Subway Gift Card: Check Balance, Swap, or Sell
Everything for your Subway gift card in one place: check the balance, swap it for another brand, or sell it for cash — and which option keeps the most value.
Whether you just received a Subway gift card, have a leftover balance after a return, or found an old card in a drawer, you’ve really got three things you can do with it: check what’s on it, swap it for a card you’ll actually use, or sell it for cash. This page walks through all three for Subway cards — how each works, what it’s worth, and how to choose.
How to check your Subway gift card balance
Checking your Subway gift card balance online takes a few seconds. Use the official Subway balance page — enter the card number and the PIN or security code (usually under a scratch-off panel on the back), then submit to see the current balance.

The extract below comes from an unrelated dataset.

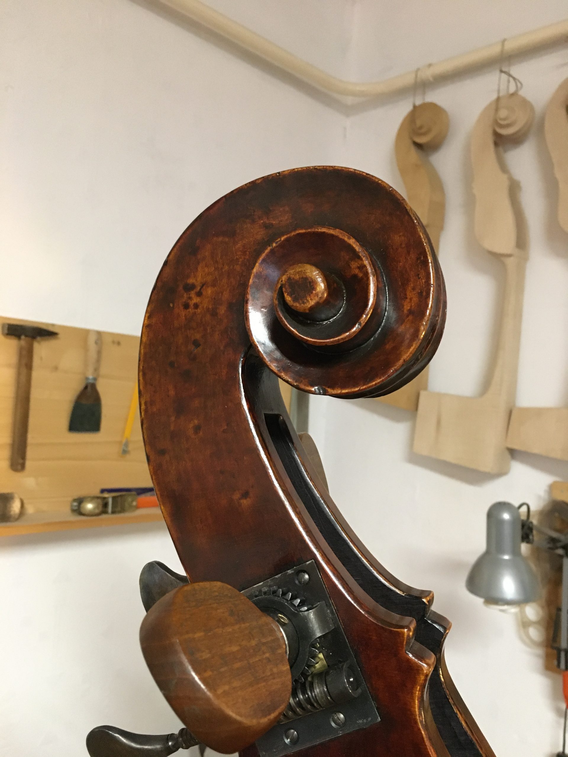 General restoration on a beautiful old Italian double bass by Pietro Pallotta, Perugia 1790
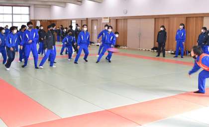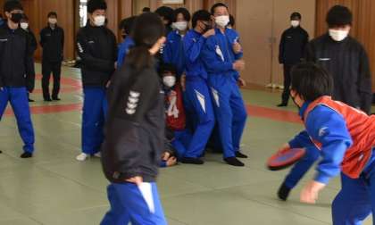 柔道場で、男子vs女子の「ドッジビー」をしています。

You’ll need two things off the card:
- The card number — printed on the front or back of a physical Subway card, or in the confirmation email for an eGift card.
- The PIN or security code — usually a separate code under a scratch-off panel on the back.
There are other ways to check, too:
- In store: take the card to any Subway location and ask an associate to scan it — there’s no charge to check.
- By phone: call Subway customer service and follow the prompts for gift card balance, with your card number ready.
- On your receipt: the remaining balance is often printed after a purchase.
For the complete walkthrough — including what to do if your balance won’t load or reads $0 — see our Subway gift card balance guide. Confirm the exact balance before you swap or sell, since both require an accurate amount.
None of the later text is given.